Yes, there have been petty retaliations - such as the ass chewing I got in front of God and everybody which was totally undeserved. I was accused of "always bringing him late" when, in fact, we have in seven years of dialysis missed two appointments, and been late maybe twice. And what caused that? They moved our appointment up by thirty minutes - and because we are usually thirty minutes early - everyone thought someone else must have told us and no one told us. So we thought we were still on time, on the day we were a few minutes late. Only then were we informed our appointment time had been changed. And even then - we had only been late once. For an appointment time that was moved up thirty minutes without telling us. Yes, we are normally thirty minutes early.
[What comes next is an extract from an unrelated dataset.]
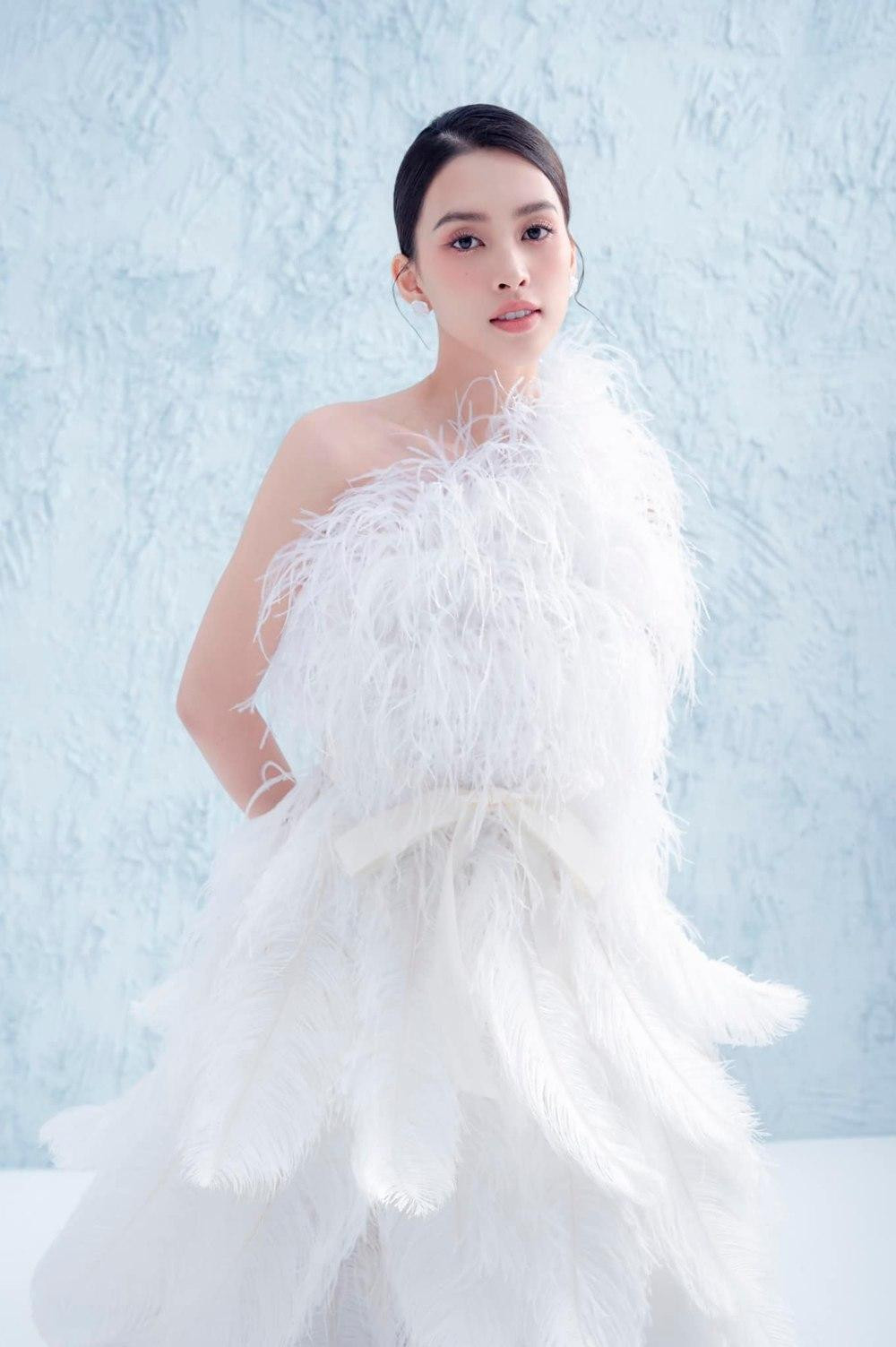Xem ra Thiên Ân rất có duyên với trang phục đính lông vũ. Trong một sự kiện, nàng hậu lộng lẫy như đóa hoa trong bộ váy lông vũ thướt tha trắng muốt. Thiên Ân vốn rất hợp với màu son đỏ rực và khi đi cùng trang phục trắng, nhìn cô chẳng khác gì công chúa Bạch Tuyết.

Because certain staff members clearly harbor ill will towards us, my husband does not allow certain people to do his treatments. Only one of the RNs will even speak to me (she is new). I no longer am allowed any contact with the nephrologist, nor are my questions and concerns passed to her. In fact, in general if I walk up to the desk or ring the bell of the door to the clinic, once they see who it is, they simply turn around and walk off - ignoring me. The ESRD Network has advised me to go to the State Health Department over the no contact with the doctor "rule", as it is ILLEGAL to refuse us access to our doctor. But I really like his doctor, and I'm not sure who is creating this obstruction. It is ridiculously cumbersome to have him write down questions for the few minutes he sees her in clinic every two weeks -if he isn't asleep or surrounded by techs and nurses stabbing him, get the answer, pass it to me, if I have additional questions, write them down, ask her in two weeks, get the answer, pass it to me...
Does sound a little bit like a conspiracy to separate the caretakers from the patient who is at a physical and mental disadvantage though, doesn't it? Oh, and the new excuse for why I cannot be in the back area to see the doctor is that I might overhear private medical information for another patient. But it's okay for his doctor to discuss his condition with him, with techs, nurses, and a patient maybe three feet to either side of him. Because that's really private, isn't it?
But - the reason I sat down to write and share this article is to express my gratitude that at least some of the truly life threatening problems were addressed. Not only for my husband, but because there are now new procedures and policies in place, for patients with less active advocates as well. Thank you to the ESRD network for addressing these issues, and to the clinic for answering them. I want to share with other in clinic dialysis patients that you can get action on your problems with your clinic, and that it benefits all of us when you do.
Even if they do hate me now. This isn't a popularity contest, this is a medical clinic and appropriate treatment should be the norm, not something done reluctantly when forced by a squeaky wheel.